Activity> From the data below, set down exactly the lines between the one holding "大连庄重CKD51系列双丝杠提升数控立式车床" and the one holding "Air Quality Data", inclusive, and no others.

Task input>
Segment Open

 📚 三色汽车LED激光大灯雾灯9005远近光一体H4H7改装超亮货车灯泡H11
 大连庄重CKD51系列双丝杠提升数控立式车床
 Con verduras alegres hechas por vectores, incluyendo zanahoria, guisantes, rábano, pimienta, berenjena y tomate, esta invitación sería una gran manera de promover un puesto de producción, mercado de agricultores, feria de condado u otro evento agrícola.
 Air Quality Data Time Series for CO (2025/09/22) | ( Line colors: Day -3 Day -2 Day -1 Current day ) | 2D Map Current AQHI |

Segment Closed
Segment Open

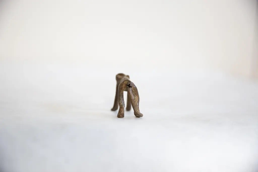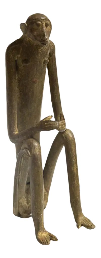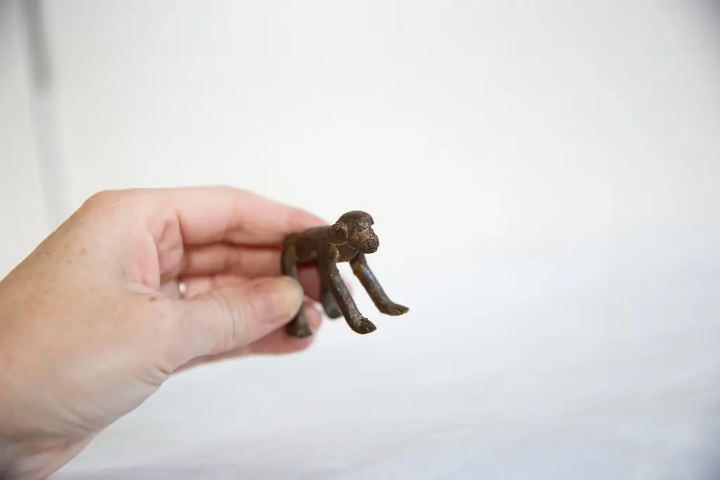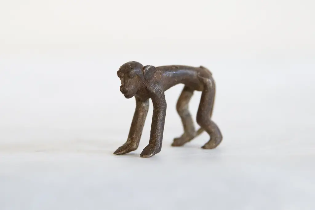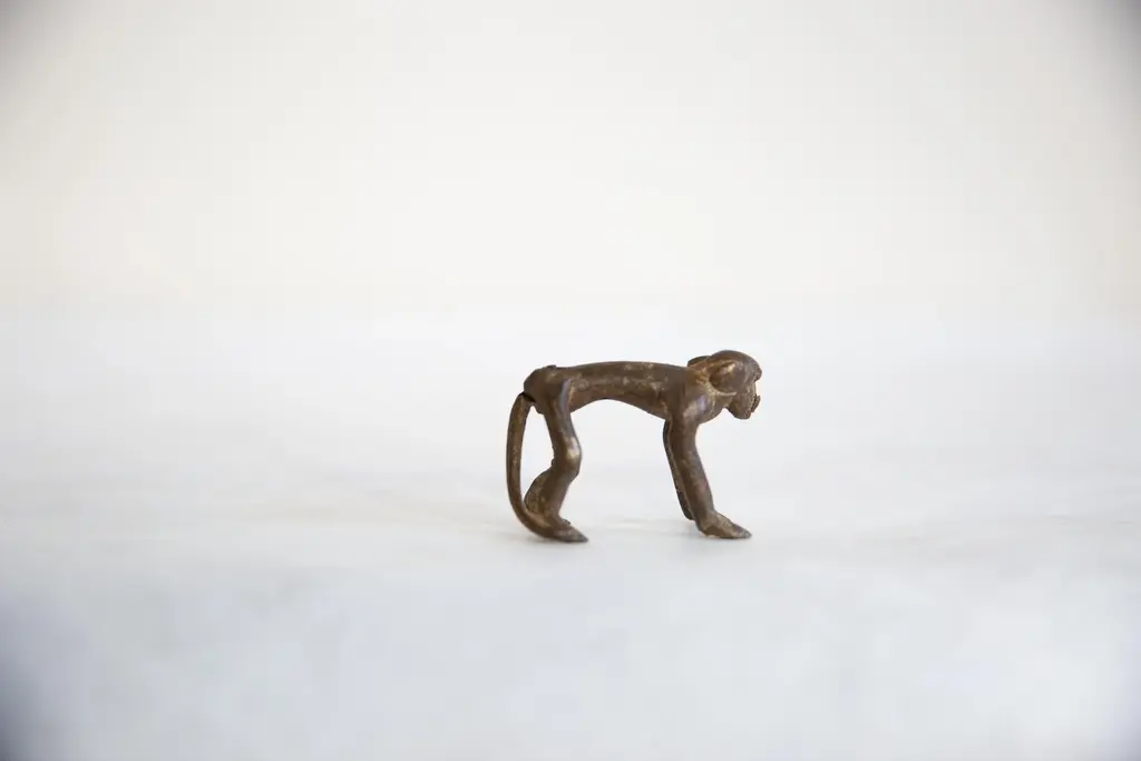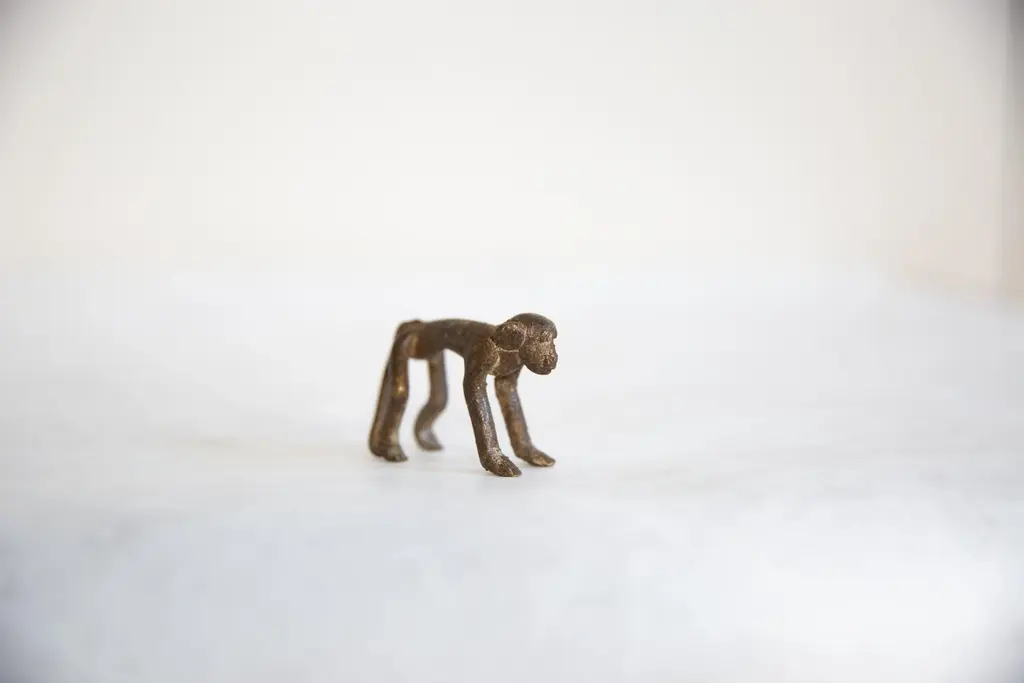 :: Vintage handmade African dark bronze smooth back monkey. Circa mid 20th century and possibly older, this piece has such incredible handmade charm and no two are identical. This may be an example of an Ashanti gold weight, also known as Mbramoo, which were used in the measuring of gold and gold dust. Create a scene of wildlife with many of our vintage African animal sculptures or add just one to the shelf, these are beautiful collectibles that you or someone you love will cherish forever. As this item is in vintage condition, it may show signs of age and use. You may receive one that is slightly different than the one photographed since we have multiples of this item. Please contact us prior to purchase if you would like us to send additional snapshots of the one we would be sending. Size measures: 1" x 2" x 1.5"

Segment Closed

Exercise response>
 大连庄重CKD51系列双丝杠提升数控立式车床
 Con verduras alegres hechas por vectores, incluyendo zanahoria, guisantes, rábano, pimienta, berenjena y tomate, esta invitación sería una gran manera de promover un puesto de producción, mercado de agricultores, feria de condado u otro evento agrícola.
 Air Quality Data Time Series for CO (2025/09/22) | ( Line colors: Day -3 Day -2 Day -1 Current day ) | 2D Map Current AQHI |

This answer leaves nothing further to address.